● **Instructions for the task**: Using the listing below, copy exactly each line from the one that has "我们可以看到,首先,机关剑的" through the one that has "Female hand of"; omit the pictures.

● **Records supplied**:
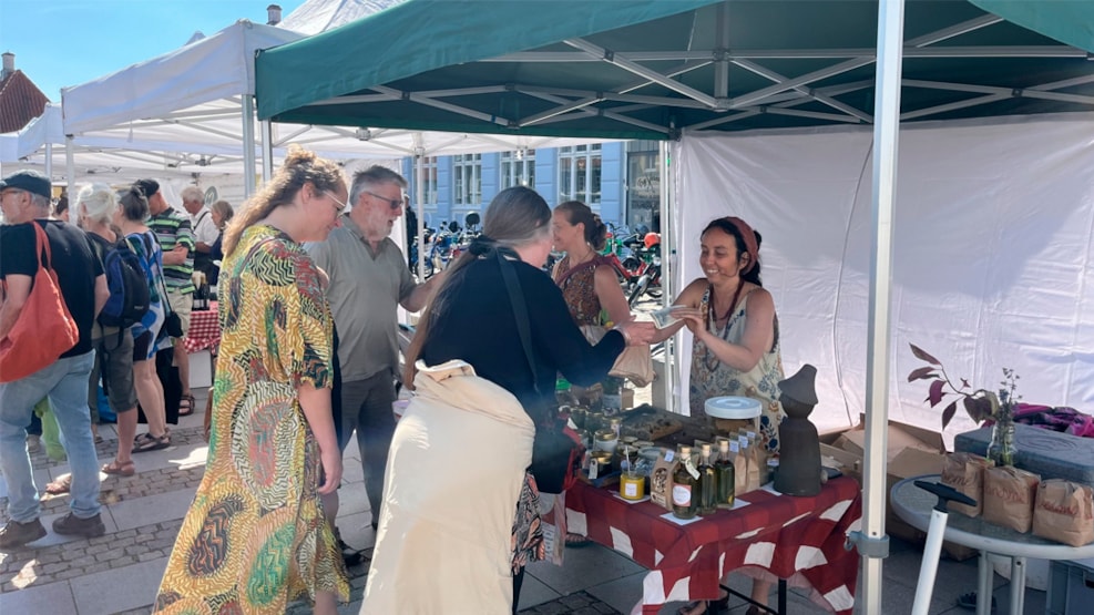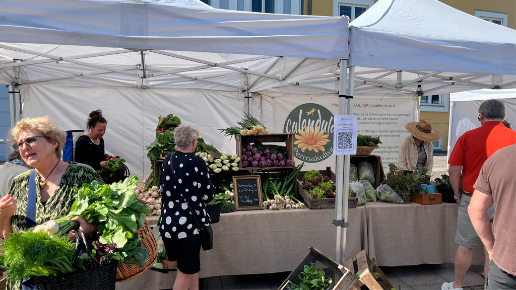 Jeden Samstag findet im Sommer ein lokaler Lebensmittelmarkt statt - direkt im Zentrum des schönen Rudkøbing.
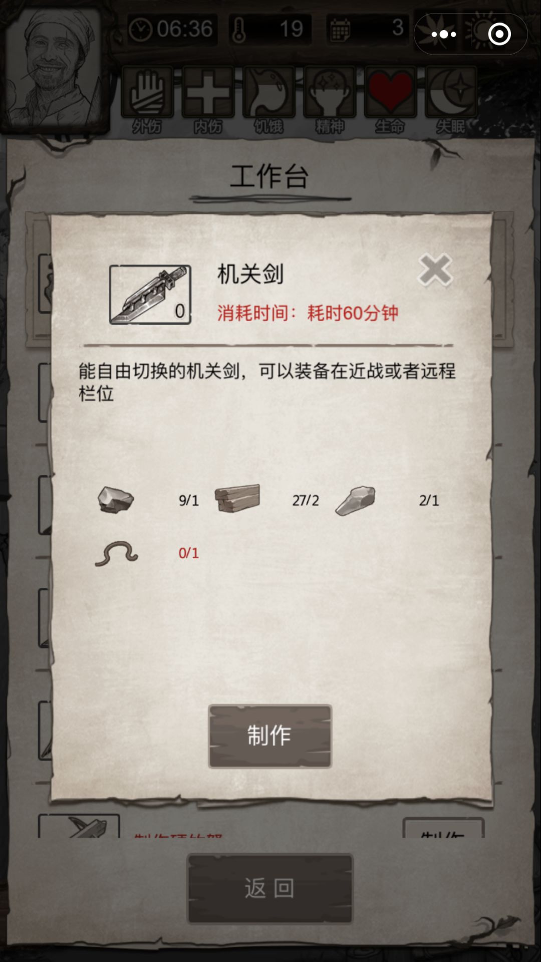我们可以看到,首先,机关剑的材料也不怎么复杂啊,除了需要一根兽筋以外其他材料都很好搞的,比硬竹弓、机关连弩之类的材料简单多了
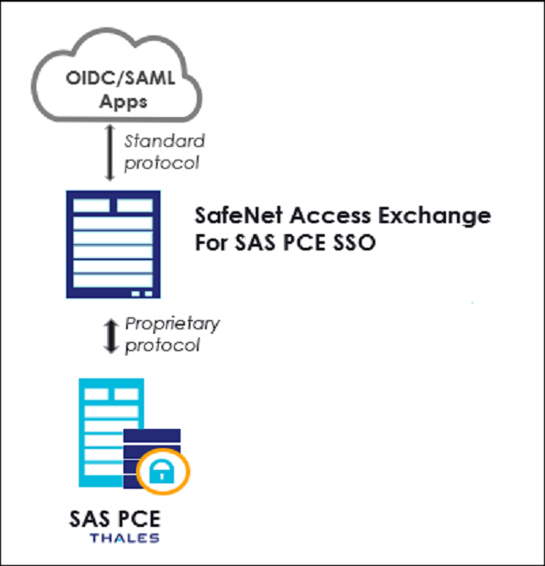 SafeNet Access Exchange (SAE) is an on-premises IDP, which complements secure authentication of SAS PCE. With this integration, SAS PCE provides multi-factor authentication in the context of authentication requests received from SAML or OIDC integrated applications. SafeNet Access Exchange is also a key component of SAS PCE Enterprise and STA Hybrid Access Management Add-On based deployment.
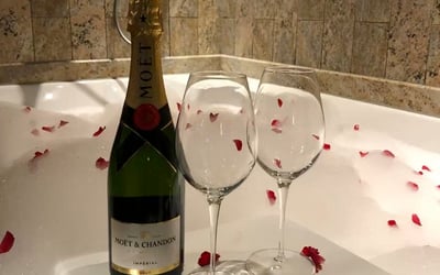 Celebrate newlywed bliss with our Deluxe Honeymoon add-on, thoughtfully curated to set the tone for romance and relaxation. Faux petals elegantly surround the bed or tub, while a romantic candle-lit setup creates an intimate atmosphere. Enjoy a chilled beverage of your choice, a beautifully arranged charcuterie board, and a box of locally sourced chocolates. A fresh floral bouquet and a personalized welcome card with the couple’s names complete this unforgettable honeymoon experience.
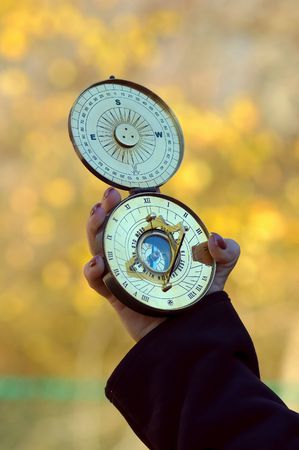Female hand of traveler, hiker with compass on background autumn forest landscape with mountains on the horizon in orange colors in fall.
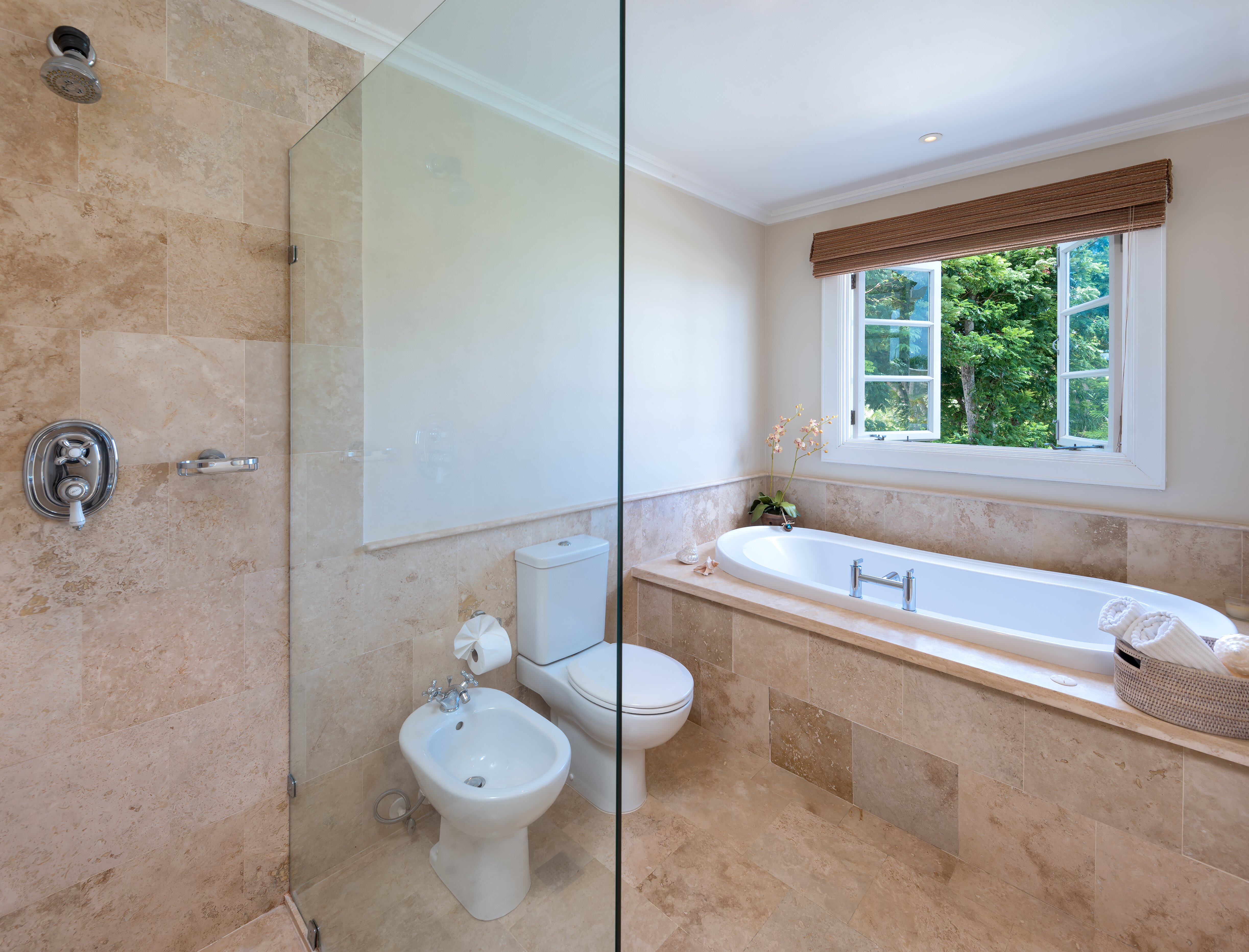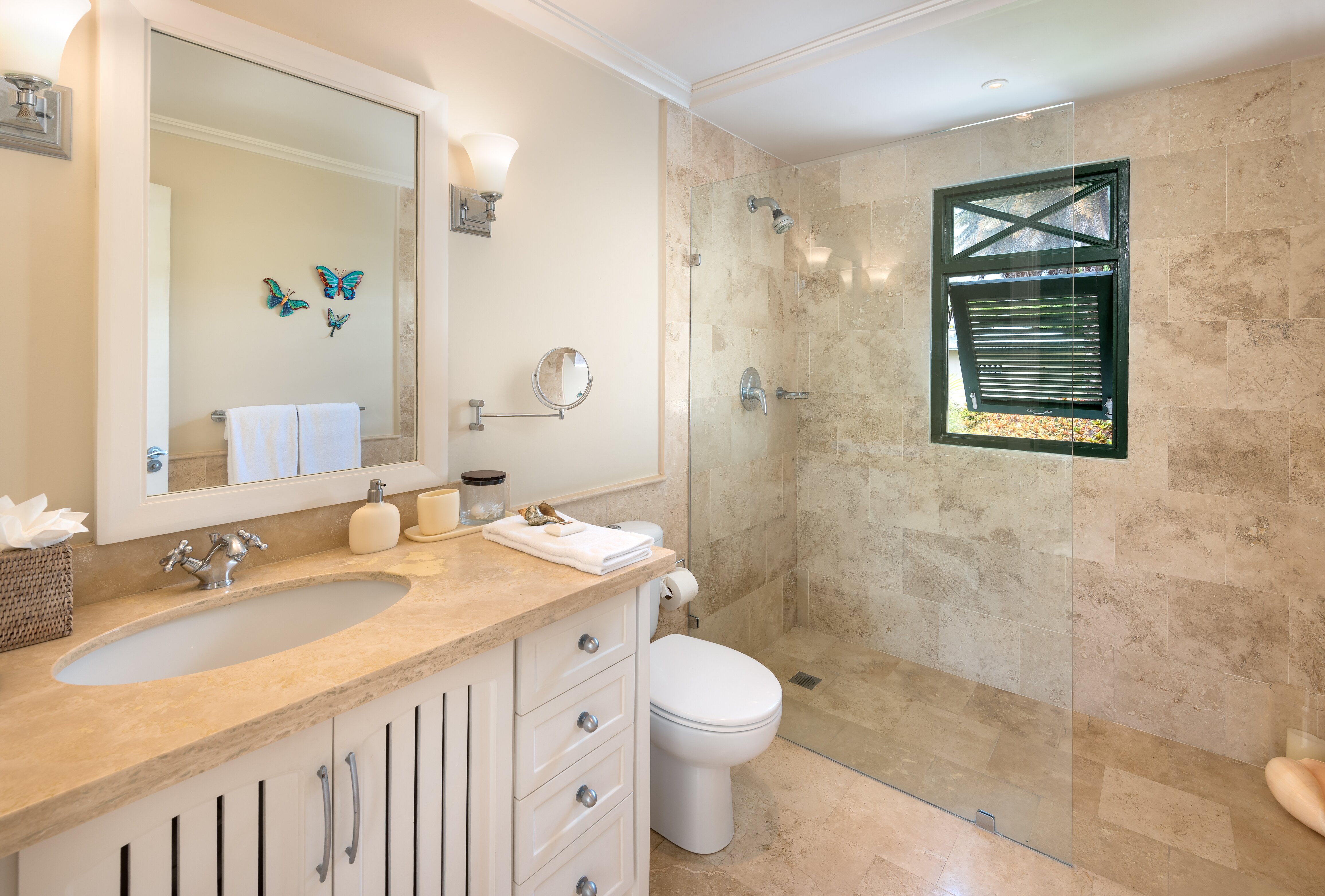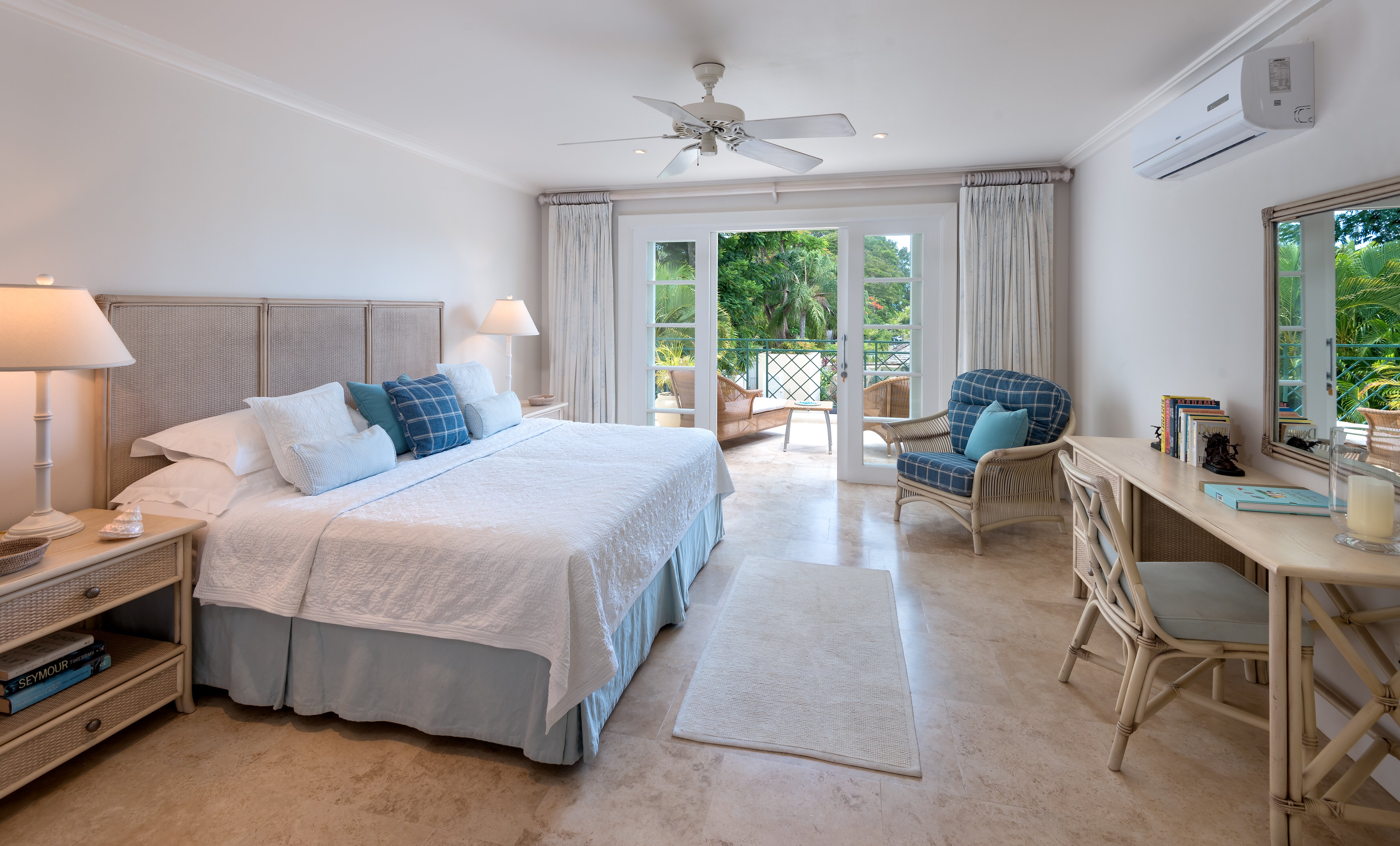 Completed to the highest standard with many coral stone features the house incorporates; air conditioning throughout, and a superbly equipped Miele kitchen with granite countertops. Coconut Bay has been interior designed to the highest standard by the award winning Jenny Blanc Interiors. The house has an airy tropical feel and exudes charm and sophistication. The spacious terrace and nearby trees provide plenty of shade. Three of the bedrooms have terraces overlooking the pool area.

● **The completed task**:
我们可以看到,首先,机关剑的材料也不怎么复杂啊,除了需要一根兽筋以外其他材料都很好搞的,比硬竹弓、机关连弩之类的材料简单多了
 SafeNet Access Exchange (SAE) is an on-premises IDP, which complements secure authentication of SAS PCE. With this integration, SAS PCE provides multi-factor authentication in the context of authentication requests received from SAML or OIDC integrated applications. SafeNet Access Exchange is also a key component of SAS PCE Enterprise and STA Hybrid Access Management Add-On based deployment.
 Celebrate newlywed bliss with our Deluxe Honeymoon add-on, thoughtfully curated to set the tone for romance and relaxation. Faux petals elegantly surround the bed or tub, while a romantic candle-lit setup creates an intimate atmosphere. Enjoy a chilled beverage of your choice, a beautifully arranged charcuterie board, and a box of locally sourced chocolates. A fresh floral bouquet and a personalized welcome card with the couple’s names complete this unforgettable honeymoon experience.
Female hand of traveler, hiker with compass on background autumn forest landscape with mountains on the horizon in orange colors in fall.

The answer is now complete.